Paper: Disinhibitory neuronal circuits are ideally poised to control the sign of synaptic plasticity

In Julian’s new paper “Dis-inhibitory neuronal circuits can control the sign of synaptic plasticity“ accepted at NeurIPS we look at how to reconcile normative theories of gradient-based learning in the brain with phenomenological models of Hebbian plasticity.

Preprint: https://arxiv.org/abs/2310.19614
Code: https://github.com/fmi-basel/disinhibitory-control

Models of bio-plausible credit assignment rely on neuronal error signals to change the sign of plasticity. Experiments suggest the sign depends on postsynaptic firing rate, voltage, or calcium. How does this fit? We show that inhibitory microcircuits could resolve this conundrum.

We extend work on Deep Feedback Control (Meulemans et al. 2021) with dis-inhibitory neuronal circuits and demonstrate that they can control the sign of plasticity, closely in line with experimental results on dis-inhibitory gating of learning (Krabbe et al. 2019; Williams and Holtmaat 2019).

In our model, the error is encoded in the recurrent inhibition.
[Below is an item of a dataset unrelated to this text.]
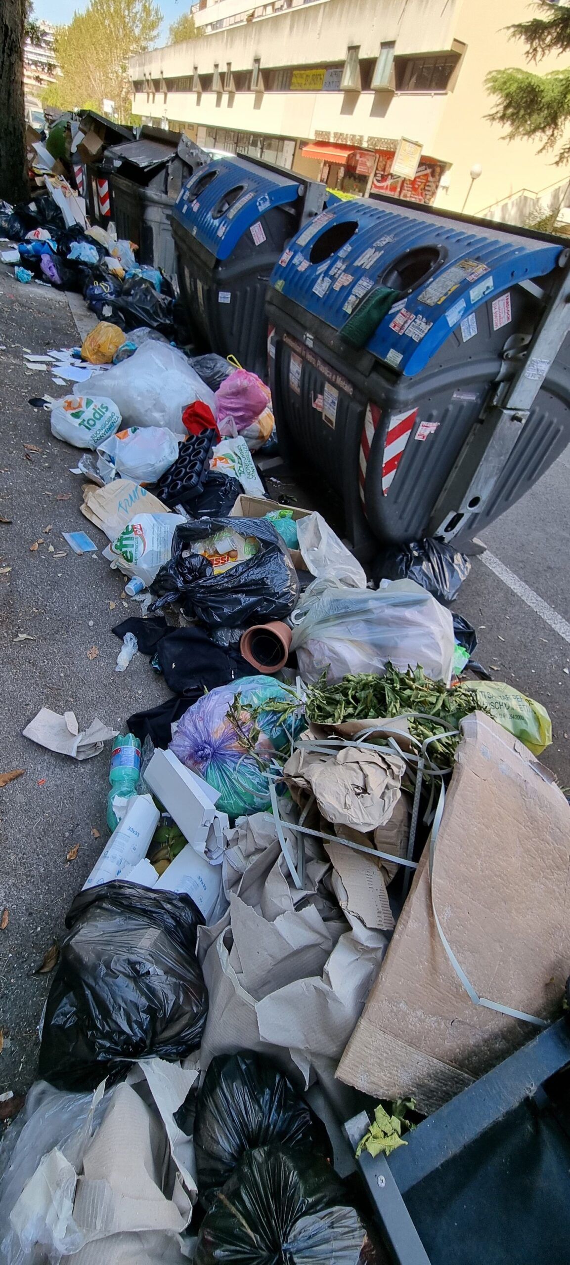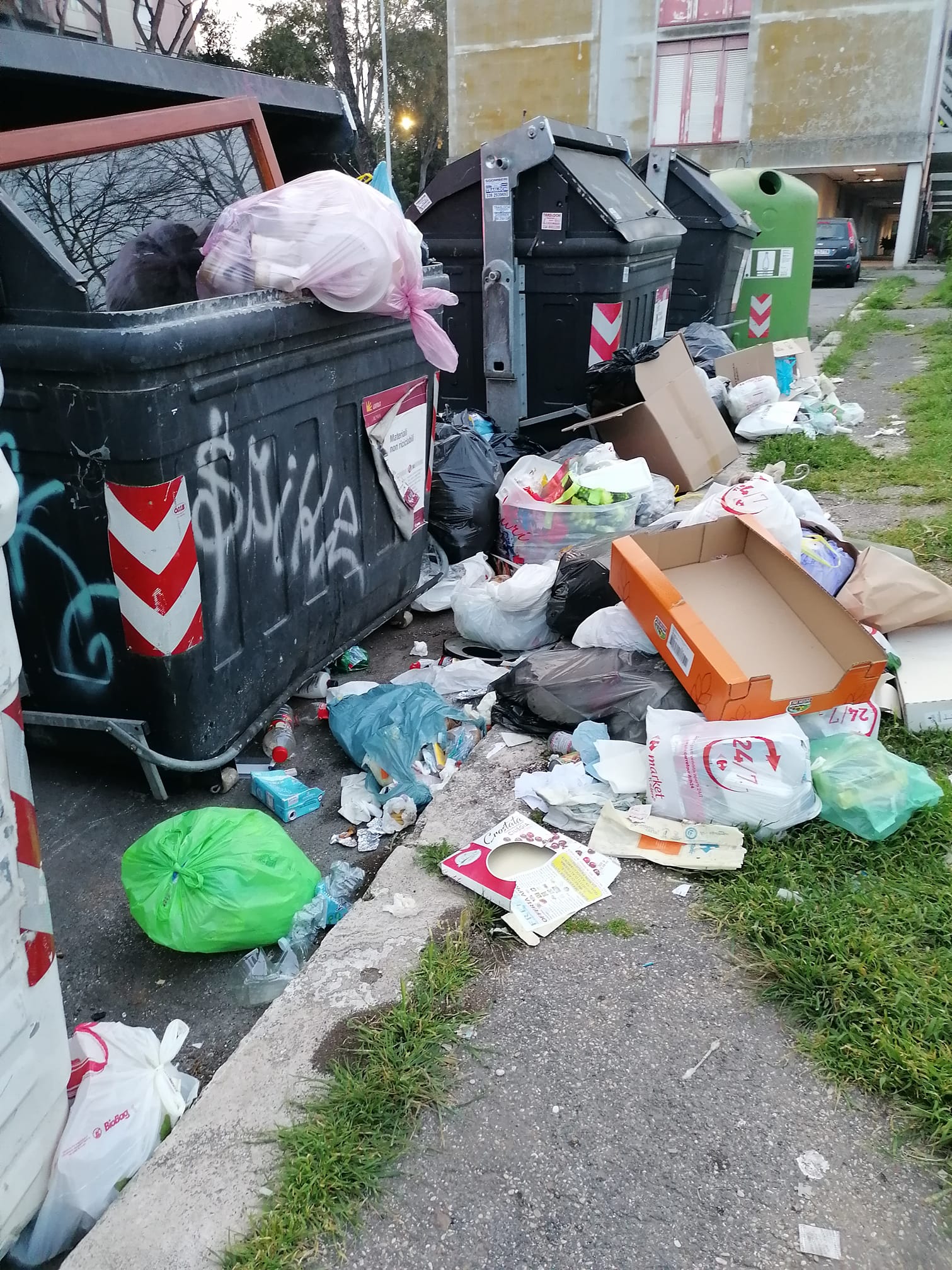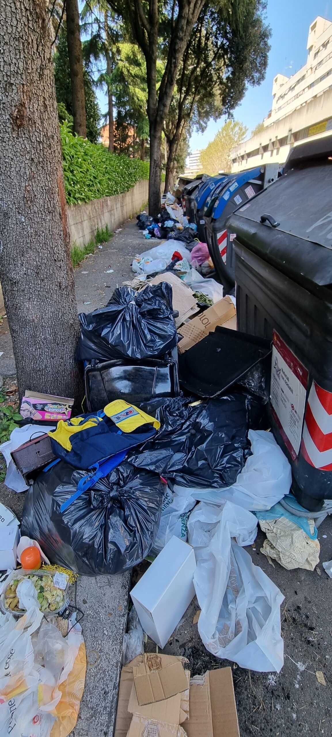 I cittadini sono disperati. Le foto che arrivano da Spinaceto mostrano una situazione al limite. I marciapiedi sono impraticabili, completamente invasi da spazzatura di ogni tipo. I secchioni non ce la fanno a contenere quanto prodotto dagli abitanti del quartiere e non ritirato dagli addetti Ama. Gli aautocompattatori e i TMB, come rivela una chat interna dei lavoratori Ama, sono pieni, e questo fa temere il peggio per i prossimi giorni.

We derive a Hebbian learning rule that decodes the error from inhibitory currents using a dual threshold mechanism: one reminiscent of the BCM rule and one inhibitory current-dependent.

The resulting learning rule does error-driven learning for suitable top-down feedback. Interestingly, the inhibitory threshold stabilizes Hebbian plasticity even in the absence of top-down feedback.

In contrast, when we disrupt recurrent inhibition to simulate in vitro slice conditions, the learning rule resembles experiments. Moreover, our model predicts that injecting inhibitory current while keeping the firing rate constant should bias plasticity towards LTD.

Finally, we show that dis-inhibitory control can effectively perform credit-assignment in multi-layer networks with performance close to backprop.

Thus, we propose that inhibitory circuits could encode neuron-specific error signals and control the sign of plasticity with an inhibition-dependent Hebbian rule. Our model puts forward a possible explanation why error-driven plasticity has been elusive in experiments.